……長い夢だった。
散らかった自室の真ん中にあるベッドで、オレは目を覚ました。まだ肌寒い春先だっていうのに、ぐっしょりと汗を掻いていた。
「……なんなんだ、あれ……」
全力疾走した直後の様に鼓動が早くなっていた。喉がカラカラに渇いていた。声も、掠れていた。

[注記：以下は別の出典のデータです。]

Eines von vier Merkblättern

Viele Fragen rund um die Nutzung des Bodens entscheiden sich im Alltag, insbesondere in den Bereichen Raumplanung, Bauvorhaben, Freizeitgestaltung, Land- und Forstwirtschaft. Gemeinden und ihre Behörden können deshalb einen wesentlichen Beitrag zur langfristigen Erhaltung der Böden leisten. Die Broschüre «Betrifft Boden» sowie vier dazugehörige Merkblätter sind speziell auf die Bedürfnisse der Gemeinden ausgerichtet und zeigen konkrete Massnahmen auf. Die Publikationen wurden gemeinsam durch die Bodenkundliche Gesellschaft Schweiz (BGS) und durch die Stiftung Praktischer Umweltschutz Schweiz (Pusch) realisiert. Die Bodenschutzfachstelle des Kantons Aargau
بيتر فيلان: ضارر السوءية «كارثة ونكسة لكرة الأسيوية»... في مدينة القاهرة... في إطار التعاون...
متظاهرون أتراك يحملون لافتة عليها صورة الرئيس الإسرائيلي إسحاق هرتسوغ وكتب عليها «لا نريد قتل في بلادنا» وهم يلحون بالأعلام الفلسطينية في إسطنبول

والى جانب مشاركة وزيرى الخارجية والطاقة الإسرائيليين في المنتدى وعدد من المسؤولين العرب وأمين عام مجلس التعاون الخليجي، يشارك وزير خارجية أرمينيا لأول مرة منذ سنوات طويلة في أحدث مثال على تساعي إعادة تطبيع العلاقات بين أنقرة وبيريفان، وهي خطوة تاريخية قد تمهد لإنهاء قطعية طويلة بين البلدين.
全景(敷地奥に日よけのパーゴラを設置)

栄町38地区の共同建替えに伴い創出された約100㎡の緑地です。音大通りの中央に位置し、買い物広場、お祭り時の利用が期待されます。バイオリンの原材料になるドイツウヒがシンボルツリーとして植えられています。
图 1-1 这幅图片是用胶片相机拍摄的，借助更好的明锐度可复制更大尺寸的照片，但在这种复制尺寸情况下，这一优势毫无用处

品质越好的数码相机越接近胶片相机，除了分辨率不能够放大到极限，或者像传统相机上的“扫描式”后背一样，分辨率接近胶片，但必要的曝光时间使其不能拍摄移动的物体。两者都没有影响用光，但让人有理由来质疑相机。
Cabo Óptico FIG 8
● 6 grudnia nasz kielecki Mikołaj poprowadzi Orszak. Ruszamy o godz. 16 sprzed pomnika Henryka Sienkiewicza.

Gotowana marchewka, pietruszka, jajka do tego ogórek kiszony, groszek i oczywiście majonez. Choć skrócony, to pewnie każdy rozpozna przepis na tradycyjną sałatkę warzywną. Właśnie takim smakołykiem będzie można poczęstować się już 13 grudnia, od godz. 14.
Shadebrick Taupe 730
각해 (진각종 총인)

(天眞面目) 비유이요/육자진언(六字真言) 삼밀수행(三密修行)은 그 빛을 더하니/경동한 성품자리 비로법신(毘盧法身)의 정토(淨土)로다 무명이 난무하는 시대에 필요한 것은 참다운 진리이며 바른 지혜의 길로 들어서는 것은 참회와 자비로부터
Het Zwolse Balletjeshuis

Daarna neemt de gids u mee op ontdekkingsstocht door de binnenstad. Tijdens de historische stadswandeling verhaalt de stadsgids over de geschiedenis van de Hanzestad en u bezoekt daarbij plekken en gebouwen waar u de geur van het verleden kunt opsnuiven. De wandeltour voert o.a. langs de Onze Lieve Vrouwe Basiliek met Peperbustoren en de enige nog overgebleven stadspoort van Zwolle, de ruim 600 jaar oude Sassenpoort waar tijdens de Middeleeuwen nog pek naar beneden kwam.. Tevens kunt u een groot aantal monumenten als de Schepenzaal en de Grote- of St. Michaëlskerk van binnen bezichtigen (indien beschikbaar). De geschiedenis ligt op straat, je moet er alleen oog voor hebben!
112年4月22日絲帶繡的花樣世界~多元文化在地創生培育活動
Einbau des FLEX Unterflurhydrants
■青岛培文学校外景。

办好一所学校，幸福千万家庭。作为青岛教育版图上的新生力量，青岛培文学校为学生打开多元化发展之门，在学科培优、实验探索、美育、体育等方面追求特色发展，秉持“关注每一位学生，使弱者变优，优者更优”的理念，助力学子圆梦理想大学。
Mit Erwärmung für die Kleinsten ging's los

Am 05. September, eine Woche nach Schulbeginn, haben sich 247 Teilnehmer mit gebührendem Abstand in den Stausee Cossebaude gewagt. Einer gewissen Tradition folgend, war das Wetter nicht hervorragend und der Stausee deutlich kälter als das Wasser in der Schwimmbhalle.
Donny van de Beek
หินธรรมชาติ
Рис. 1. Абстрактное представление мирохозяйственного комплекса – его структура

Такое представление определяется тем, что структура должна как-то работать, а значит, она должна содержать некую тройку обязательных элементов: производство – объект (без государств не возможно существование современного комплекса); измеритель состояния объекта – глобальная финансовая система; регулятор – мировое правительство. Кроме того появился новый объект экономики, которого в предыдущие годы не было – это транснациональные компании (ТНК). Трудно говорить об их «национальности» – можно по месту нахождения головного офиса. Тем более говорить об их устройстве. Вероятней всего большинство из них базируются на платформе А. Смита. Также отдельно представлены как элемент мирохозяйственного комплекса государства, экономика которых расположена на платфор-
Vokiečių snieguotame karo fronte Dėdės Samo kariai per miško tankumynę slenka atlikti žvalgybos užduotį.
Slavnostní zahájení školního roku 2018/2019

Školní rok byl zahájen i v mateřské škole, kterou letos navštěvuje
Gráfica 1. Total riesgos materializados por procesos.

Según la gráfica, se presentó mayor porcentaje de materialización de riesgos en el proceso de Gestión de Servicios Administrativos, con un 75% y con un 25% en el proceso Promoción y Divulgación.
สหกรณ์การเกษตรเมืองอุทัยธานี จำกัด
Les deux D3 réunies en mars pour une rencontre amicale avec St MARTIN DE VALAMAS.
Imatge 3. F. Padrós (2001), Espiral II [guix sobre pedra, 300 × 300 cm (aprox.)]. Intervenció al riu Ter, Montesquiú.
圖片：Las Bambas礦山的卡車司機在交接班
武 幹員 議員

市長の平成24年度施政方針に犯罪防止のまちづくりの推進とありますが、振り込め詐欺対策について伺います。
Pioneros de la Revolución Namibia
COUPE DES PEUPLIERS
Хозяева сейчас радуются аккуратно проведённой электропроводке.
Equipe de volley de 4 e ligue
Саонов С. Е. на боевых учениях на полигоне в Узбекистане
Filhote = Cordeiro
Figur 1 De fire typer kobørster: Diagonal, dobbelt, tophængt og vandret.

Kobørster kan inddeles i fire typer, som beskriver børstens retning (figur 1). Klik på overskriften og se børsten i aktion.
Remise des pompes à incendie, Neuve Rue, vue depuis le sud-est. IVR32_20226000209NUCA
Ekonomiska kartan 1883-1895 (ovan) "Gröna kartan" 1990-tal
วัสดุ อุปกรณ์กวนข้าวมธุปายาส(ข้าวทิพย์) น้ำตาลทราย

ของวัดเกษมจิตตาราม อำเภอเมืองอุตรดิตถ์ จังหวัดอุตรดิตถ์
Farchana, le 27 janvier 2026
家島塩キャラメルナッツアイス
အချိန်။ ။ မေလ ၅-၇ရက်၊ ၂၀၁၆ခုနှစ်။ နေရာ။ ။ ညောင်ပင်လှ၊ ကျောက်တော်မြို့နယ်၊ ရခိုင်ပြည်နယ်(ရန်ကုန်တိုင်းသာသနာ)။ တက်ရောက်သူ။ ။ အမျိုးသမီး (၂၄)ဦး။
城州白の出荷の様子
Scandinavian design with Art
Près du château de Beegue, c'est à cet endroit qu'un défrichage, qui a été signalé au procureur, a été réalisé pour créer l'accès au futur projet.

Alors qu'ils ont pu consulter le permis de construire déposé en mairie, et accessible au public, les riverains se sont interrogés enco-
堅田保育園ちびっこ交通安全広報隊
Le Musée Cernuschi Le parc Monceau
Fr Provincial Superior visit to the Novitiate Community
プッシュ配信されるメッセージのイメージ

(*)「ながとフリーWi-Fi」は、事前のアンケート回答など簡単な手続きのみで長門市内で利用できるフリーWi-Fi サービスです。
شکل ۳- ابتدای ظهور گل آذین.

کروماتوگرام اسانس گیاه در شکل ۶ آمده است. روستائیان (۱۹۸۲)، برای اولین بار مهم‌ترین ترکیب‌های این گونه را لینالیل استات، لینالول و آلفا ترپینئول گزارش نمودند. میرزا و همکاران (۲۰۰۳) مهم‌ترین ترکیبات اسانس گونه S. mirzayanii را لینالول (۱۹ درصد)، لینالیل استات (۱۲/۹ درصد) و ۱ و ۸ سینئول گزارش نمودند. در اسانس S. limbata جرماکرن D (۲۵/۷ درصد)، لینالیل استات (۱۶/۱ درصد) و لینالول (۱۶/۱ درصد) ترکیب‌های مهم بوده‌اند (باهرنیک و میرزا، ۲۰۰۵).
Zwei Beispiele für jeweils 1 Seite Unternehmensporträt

長い夢だった。そして、とてもリアルな夢だった。重い体を起こすと、オレは恐る恐る、左の掌を見た。
……あった。
羽根の形をした、火傷の痕のような痣。それは夢で、『天使』とやらが言った通りだった。
『ハローハロー。どーも初めましてっ』
ふざけた夢だった。
男だか女だか分からない顔と声のヤツが、手をひらひらさせながら声を掛けてきた。そこは上も下も右も左も全部真っ白な空間で、オレは明らかにふわふわと浮かんいた。
「……何だよ、お前」
疑いの眼差しを向けると、そいつはやおら手帳のようなものを広げて読み上げた。
『高橋啓介二十一歳、O型、住所は群馬県高崎市M町2の1。愛車はFD3S、私立大学生、やや左曲がりのMAX十八センチ好きな体位はバック、右利き、お風呂に入るとまず頭を洗う、性格悪し……』
「おいっ、なんなんだよお前っ!」
人のプライバシーをなんでそんなに知ってるんだよ。しかもやや左曲がりから後の部分。
『ああ、申し遅れました。ワタクシ、俗に言う天使っていうヤツです、はい』
天使と名乗ったそいつは、ぺこりと頭を下げた。
「……天使? あの、天使と悪魔の、天使?」
『はい、天使です。まぁ下っ端なんですけどね。天使ですから、あなたのことは何でも知ってますよ? 高橋啓介』
フルネーム呼び捨てとかムカつく野郎だ。いや野郎なのかコイツは?
ニコニコ笑顔のそいつは、手帳のようなものをパタンと閉じた。
……怪しい。怪しすぎる。マジ怪しい。つか天使だから何でも知ってるとか。
「お前、さ。ホントに天使なわけ?」
『はぁい。なんなら免許見せましょうか?』
「天使に免許がいんのかよ!」
『最近は資格社会ですからねー』
「……資格云々よかさ、背中に羽根がねえじゃん。天使って言ったら羽根だろ、フツー」
『あれは宗教画だけですぅ』
「羽根ねぇのかよ。んじゃあ飛べねえんじゃねえの?」
『飛ぶ必要なんてありませんから、生えてないんです。はいこれワタクシの免許証』
「何だそりゃ……」
天使はパスケースのようなものを取り出してオレに見せてくれた。
「なぁ、オレさぁ、コレとよーく似たもの持ってんぞ。アニキもオヤジもお袋も!」
見せてくれたのは顔写真入りの、どう見たってコレ運転免許証じゃねえのって代物だった。なんでカードサイズ。なんで証明写真の背景青いんだよ。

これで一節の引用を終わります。